Constraints fail on transformed parameter block in hierarchical HMM model


Hi All,
I am trying to expand Hidden Markov Models to fit to typical movement data. The starting point is based on earlier discussions between @bgoodri and @Ben_Lambert. One extension that I am trying is to fit one hierarchical model to several animals, allowing the parameters that govern movement (ie step length and turning angle) to vary between the individuals.
The issue that I am running into is that initialization fail despite setting constraints to parameters in the transformed parameter block.
Here is the model I tried: hmm_covariates_hier.stan (5.1 KB)

And some code to generate data:


n_obs <- 200
ss <- simData(nbAnimals = 5,nbStates = 2,stepDist = "exp",
              angleDist = "wrpcauchy",stepPar = c(2,0.1),anglePar = c(0,1,0.15,0.75),
              obsPerAnimal = n_obs)
data <- list(N=(n_obs-2)*5,turn=ss$angle[!$angle)],

m <- stan("hmm_covariates_hier.stan",data=data,control=list(adapt_delta=0.99))
#this result in many initial error:

Error evaluating the log probability at the initial value.
validate transformed params: rho_ind[3] is -4.38754, but must be greater than or equal to 0
Rejecting initial value:
Error evaluating the log probability at the initial value.
validate transformed params: mu_ind[5] is -4.66398, but must be greater than or equal to -3.14159

Initialization between (-2, 2) failed after 100 attempts. 
Try specifying initial values, reducing ranges of constrained values, or reparameterizing the model.

I tried to play a bit around setting an initialization function, but this did not solve anything.
Am I missing something?


So far all that’s missing is the error message.


Thanks for your fast answer, updated the original post.


So I can’t open a .Stan file on my phone easily but that’s telling you that you have a (transformed?) parameter with a constraint that is not being met.

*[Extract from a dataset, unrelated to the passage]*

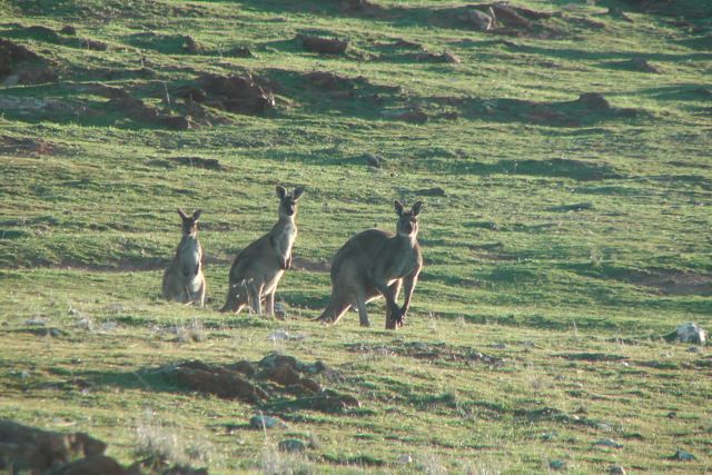 On the way back to the car we saw a large number of kangaroos. It was getting on towards 4.00 p.m. and they were just starting to come out and graze on some of the lush greenery on the hills.

Are you missing an explanation transformation in an assignment?


Ugh, exp not explanation


It looks like both rho_ind, alpha_ind, and mu_ind are all multiplied by unbounded parameters (error), which would cause them to take values outside of the constraints specified by their declarations:

parameters {
  matrix[S,K] error[3];

transformed parameters {
  matrix<lower=-pi(),upper=pi()>[S,K] mu_ind;
  matrix<lower=0>[S,K] rho_ind;
  matrix<lower=0>[S,K] alpha_ind;
  mu_ind = rep_matrix(mu + rep_vector(sigma_mu, K), S)' .* error[1,,];
  rho_ind = rep_matrix(rho + rep_vector(sigma_rho, K), S)' .* error[2,,];
  alpha_ind = rep_matrix(alpha + rep_vector(sigma_alpha, K), S)' .* error[3,,];
model {
  to_vector(error[1,,]) ~ normal(0,1);
  to_vector(error[2,,]) ~ normal(0,1);
  to_vector(error[3,,]) ~ normal(0,1);

So, as @sakrejda suggests, maybe using some kind of link function or transformation to satisfy the lower and upper bounds of support would be a good solution.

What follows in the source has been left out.